For the US, it recommends reform policies pertaining to energy, healthcare and the escalating burden of litigation.

In continental Europe, labour market reforms to raise employment, deregulation of services and the creation of truly pan-European markets are suggested. Pointing out that for governments that are already "fiscally challenged" finding the funds would be no easy way, the BIS called for a "ruthless pruning" of unproductive expenditures and wasteful subsidies which would be a good start.

Highlighting global trade imbalances, it said the fundamental issue is that Asia currently saves too much, relative to domestic opportunities for profitable investments and the western hemisphere (especially the US) saves too little.

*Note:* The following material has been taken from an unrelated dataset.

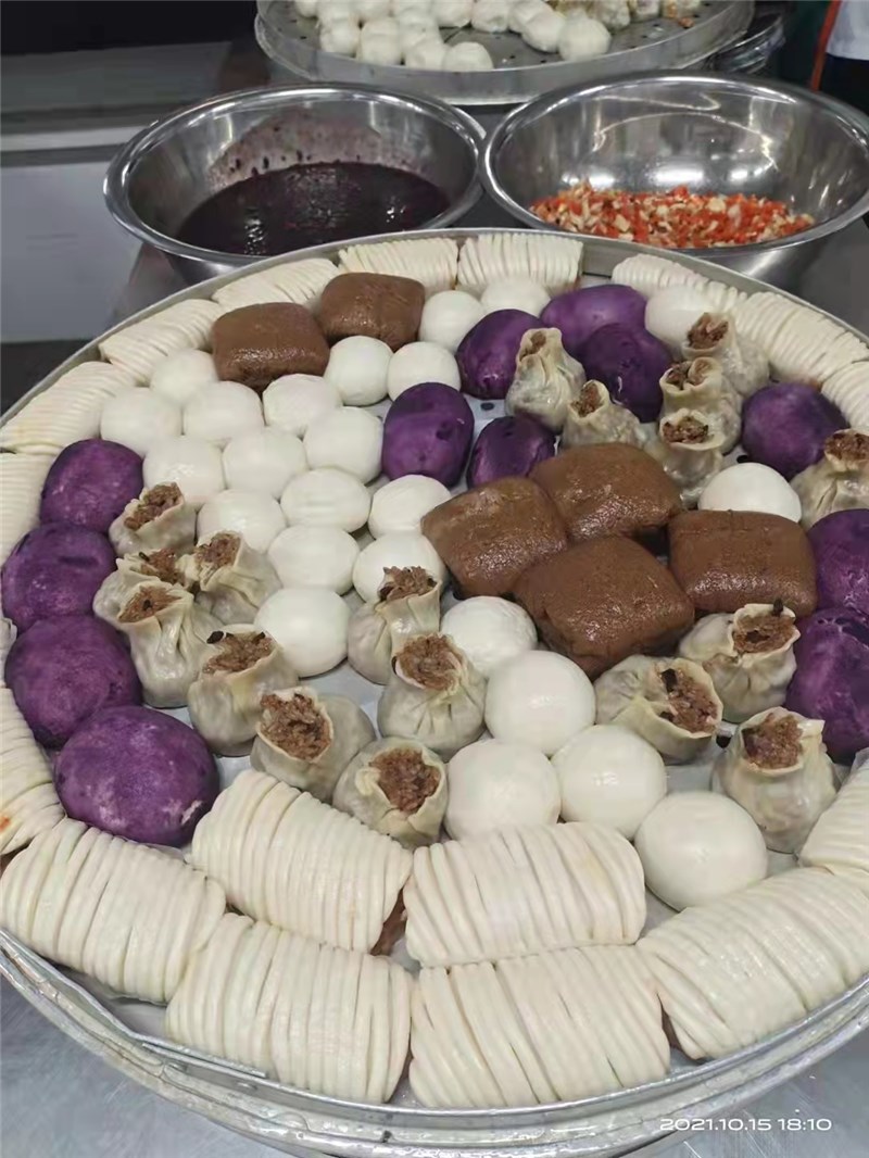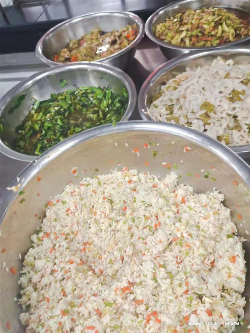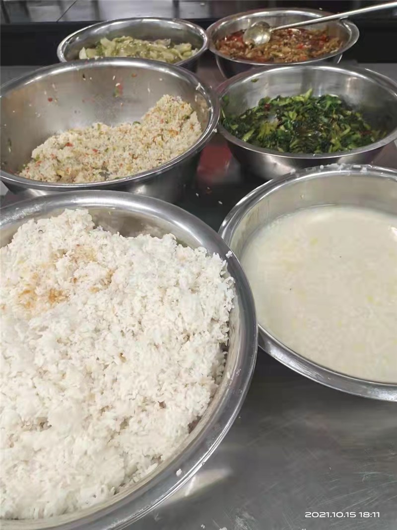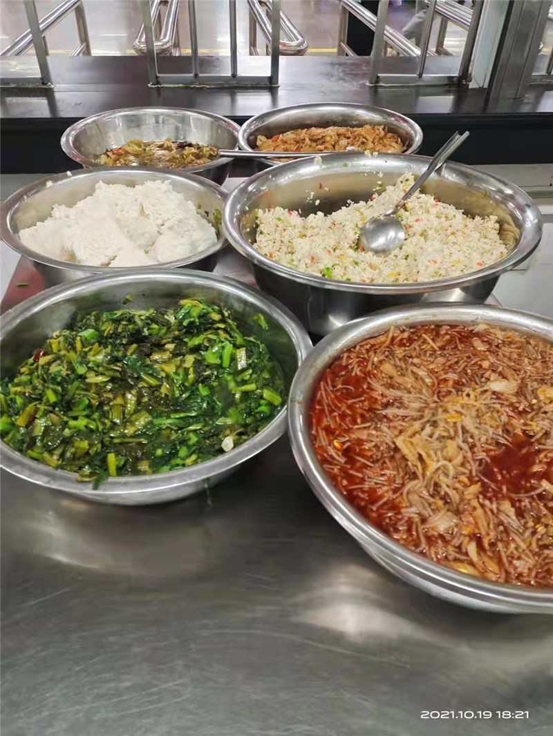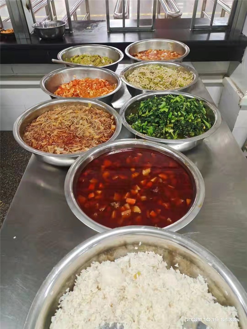 学校食堂每餐均会备够足量可口的饭菜,菜品搭配合理、营养均衡。学生在规定时间到食堂就餐均能吃上热饭菜。

However, it acknowledges the difficulties for creditors in Asia if they plump for lower saving rates through easier credit policies, designed to stoke consumer spending as the experience of Korea and Thailand proved that this could easily get out of hand. Investment in Asia (outside China) has also been very low and hence could be kindled.

"Again, the dangers inherent in such policies are starkly underlined by what we are currently seeing in China, and what we observed in Japan in the late 1980s".

Hence, the BIS argues that if creditors should make a contribution to unwinding global trade imbalances, so too should debtors, particularly the US which with its massive fiscal and trade deficits, needs to trim them down.

Being the world's central bank, the BIS is naturally concerned over the stability of the global financial system. Hence, it notes "raising productive potential and then keeping it fully employed requires marrying efficiency with stability in the financial system".

It deplored the less than optimal conditions in some countries, with reliance still being placed exclusively on loans from banks, and bankers often charging less for risk than they should.

Besides, certain banking systems are still operating under the burden of bad loans made in the past.

An even greater challenge than recapitalising commercial banks, would be to ensure they can operate profitably over time, the BIS said citing "continued political influence" as one of the pernicious forces.

"To be sure, directed loans to state-supported sectors seem increasingly to be out of favour, even in such countries as China and India", the BIS said adding "the damage that can be done to the private sector through competition from state-supported financial institutions is still not adequately recognised". While referring to the huge pile-up of foreign exchange reserves of Asian economies including India, the BIS notes that a continued process of large-scale intervention to keep the exchange rate from appreciating could still raise significant domestic policy challenges. First, reserve accumulation might at some point compromise the ability of the central banks to contain future monetary growth. Large reserve accumulation has already led to increasing technical difficulties, such as finding eligible instruments with which to mop up additional liquidity.

A second major policy challenge is that perceptions of an undervalued currency associated with foreign exchange market intervention and reserve accumulation can have marked expansionary effects on the economy even if sterilisation is effective.

In fine, this year's BIS annual report is replete with references to contemporary problems confronting both the developed and the developing countries in general and their central banks in particular and highlights one structural vulnerability evident almost everywhere.

This adverts to the shortage of information required to assess the health of corporations, that of the institutions which have lent to them and the resulting financial vulnerability of the economy as a whole.